Since the side plate 20 and the rear housing 12 have substantially the same functions
in guiding the end surfaces of the rotor 32 and the vanes 33, the following description
concerning the operation of the embodiment will be referred mainly to the side plate
20 unless particularly referred to on the contrary.
[0023] When the rotor 32 is rotated bodily with the pump shaft 35, the vane 33 guided in
each slit 32a is reciprocated radially as the radial outmost end thereof is slidden
along the cam surface 31a of the cam ring 31. Within the expansion angular area where
each vane 33 is moved radially outwardly, the operating oil flown from the suction
hole 13a is sucked from the suction ports 21 into each pump chamber (P) whose volume
is increasing. Within the compression angular area where each vane 33 is moved radially
inwardly, the operating oil within each pump chamber (P) whose volume is decreasing
is ejected from each of the ejection ports 22 through the ejection passage (not shown)

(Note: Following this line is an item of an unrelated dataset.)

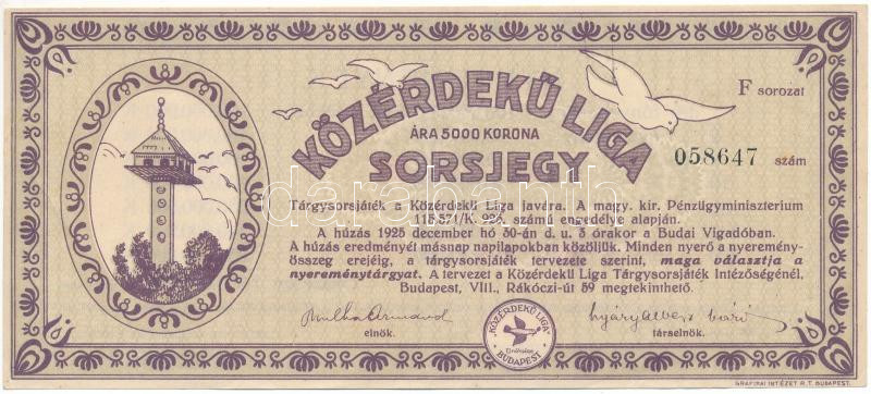 1925. Budapest "Közérdekű Liga Sorsjegy" 5000K értékben "F" sorozat "058647" sorszámmal T:F szép papír

to a suitable fluid-operated actuator, such as for example an automotive power steering
device. The force by which each vane 33 rotating with the rotor 32 is urged to move
radially inwardly is generated as a result that the radial outermost end of each vane
33 protruding from the rotor 32 is slidden on each slanted part of the cam surface
31 a at the internal surface of the cam ring 31 against the friction force and therefore
irregularly fluctuates in terms of time and place because it is likely to be accompanied
by self-induced vibration. However, in this particular embodiment, each of the guide
areas (d) at diametrically opposite sides is formed on the inside end surface of each
of the side plate 20 and the rear housing 12 between each ejection port 22 and each
ejection backpressure groove 27 and the associated recess portion 29 thereby to guide
and support the side surface of each vane 33. And, each guide area (d) is chosen to
have the radial width which is necessary and sufficient to perform the function of
guiding and supporting each vane 33. This can be done by directing or deflecting the
rotationally preceding part common to the outer circumferential edges of each ejection
backpressure groove 27 and the associated recess portion 29 toward the rotational
axis of the rotor 32 to be indented along or in parallel to the locus (L) which each
vane 33 draws at its radial innermost end. Thus, each vane 33 does not tend to incline
on the guide areas (d). Accordingly, even if the force that urges each vane 33 to
move radially inwardly is that which irregularly fluctuates in terms of time and place,
it does not occur that each vane 33 is inclined on each guide area (d) to scrape against
the same. This ensures that each vane 33 moves smoothly and stably, so that the cam
ring 31 does not suffer notable abrasion at the cam surface 31 a. Further, pulsation
is hardly generated in the pump ejected pressure, nor does noise increase in the pump
operation.
[0024] In the foregoing embodiment, the present invention is applied to the vane pump of
the type that the backpressure groove 25 is provided with the recess portions 29 for
enabling the vanes 33 to protrude quickly form the circumferential surface of the
rotor 32 at the operation start of the pump. In this case, the advantage is particularly
notable because the radial width of the guide area (d) which is formed between each
ejection port 22 and the ejection backpressure groove 27 and the associated recess
portion 29 is largely increased compared with that in the prior art vane pump wherein
as shown in Figure 4, the rotationally preceding part of the outer circumferential
edge of each such recess portion 6 is not directed or deflected to be indented toward
the rotor rotational axis in parallel to the locus (L) which is followed by the innermost
end of each vane.
[0025] However, the application of the present invention is not limited to the vane pump
with such recess portions 29. Rather, the present invention may be applied to a modified
vane pump that is constituted by omitting the recess portions 6 from the prior art
vane pump whose side plate 1 is shown in Figure 4. In this modified vane pump, by
deflecting the rotationally preceding part of the outer circumferential edge of each
ejection backpressure groove 27 to be indented toward the rotor rotational axis in
parallel to the locus (L) drawn by the radial innermost end of each vane 33 in the
same manner as the foregoing embodiment, the radial width which is formed between
the ejection port 22 and the ejection backpressure groove 27 can be enlarged compared
to that (e) of the prior art pump wherein as shown in Figure 4, the rotationally preceding
part of the outer circumferential edge of each ejection backpressure groove 4 is not
indented toward the rotor rotational axis. Thus, the movement of each vane 33 in the
modified vane pump is smoothened and stabled, so that substantially the same effect
as in the foregoing embodiment can be attained even in the modified vane pump.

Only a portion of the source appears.